Offering a possible solution to improve the working of the CDC and make the internship/job search easier for students, Stefan Mitikj, Class of 2024, said “I think students would benefit if there were specific advisors that could create a group of students with similar interests and help them draft goals for themselves as well as help reach them through time with mentorship and guidance.”
In the meanwhile, here’s the unanimous piece of advice for the underclassmen wondering how to prepare themselves for post-grad — start early.
“All the experience comes from you doing something, not waiting, not asking, you just start doing it. The longer you wait the less chances you have of getting an internship,” stated Suleimenov.
Sharing his plan for early action, Mitikj added, “Attend career fairs, workshops, and networking events to connect with professionals and learn about potential opportunities. Building relationships with professors and advisors is really important, as they can guide you toward potential positions and would be instrumental when you’re looking for recommendations. Focus on building skills — it's important to develop skills that will make you a competitive candidate in your field of interest.”
Asif’s advice on being proactive runs along the same lines.
“Reach out to alums or other students who are familiar with the place you are applying to and ask them about the interview process and the work culture to judge if you would actually enjoy working at that place and you aren't just going to work there because it is a well recognized name,” added Asif.
Making an informed decision regarding your workplace is especially important because real life doesn’t have an add/drop period. “Take classes with professors in their fields, that definitely helps you a lot,” said Zhiyu, adding onto the already established importance of networking with professionals.
Upperclassmen admit that the work culture on campus and the pressure to secure work may take a toll on mental well-being.
“It feels like the last year of high school all over again,” said Mitikj. “I’m looking at both grad schools and full-time jobs after NYUAD, so I’m still creating the pros and cons list and looking at what would be best. No matter what I choose, what I find really important is to be in an environment conducive to learning and self-improvement.”

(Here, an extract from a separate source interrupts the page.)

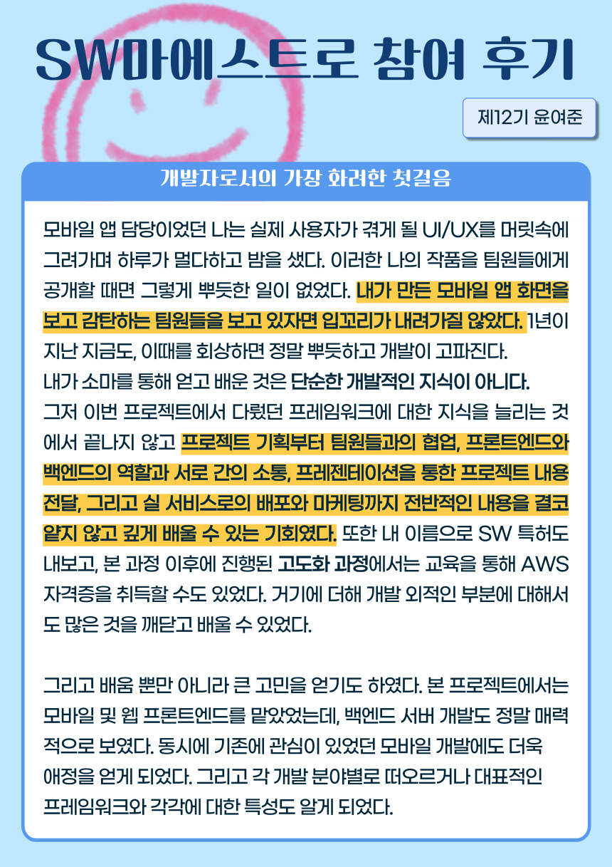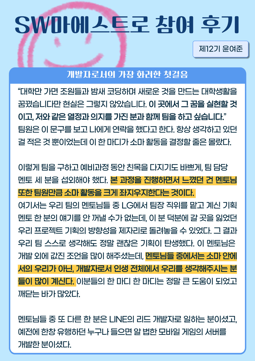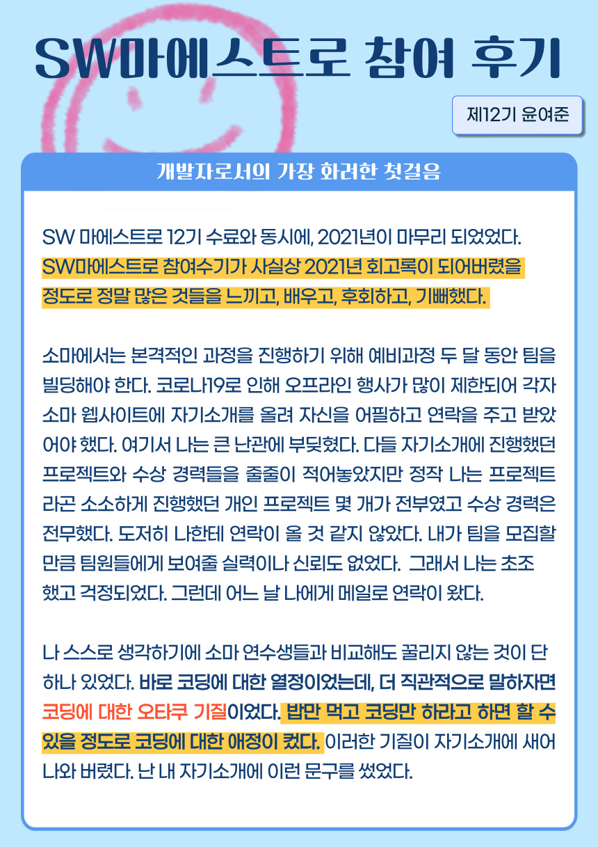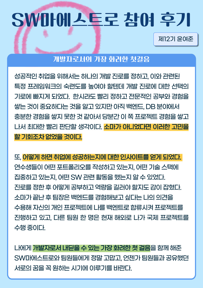 [제12기 송영범] 꿈을 위한 첫걸음, 인생의 변곡점, SW마에스트로
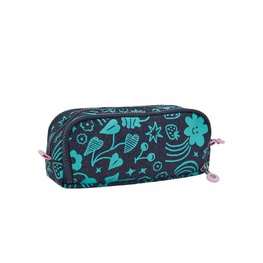 Possui três compartimentos espaçosos, sendo os frontais e traseiros com elásticos para segurar lápis e canetas com segurança. Já o compartimento central é amplo e perfeito para guardar borrachas, apontadores, colas, tesouras e muito mais.

Receiving rejection after rejection requires the practice of resilience and an optimistic attitude. Many of the rising juniors and seniors we interviewed stressed that when applying, you must believe in yourself and apply for jobs even if you think you don’t perfectly meet the CV or visa requirements, because you won’t know if you don’t try.
“It doesn't matter how many rejections you get, all you need is one offer, one success, and after that your whole life changes,” said Suleimenov, who himself applied to three hundred positions this year, to secure three successful offers. “So apply early, don't give up, talk to your friends, go to the gym, have fun, don't forget about your social life when you're applying for internships.”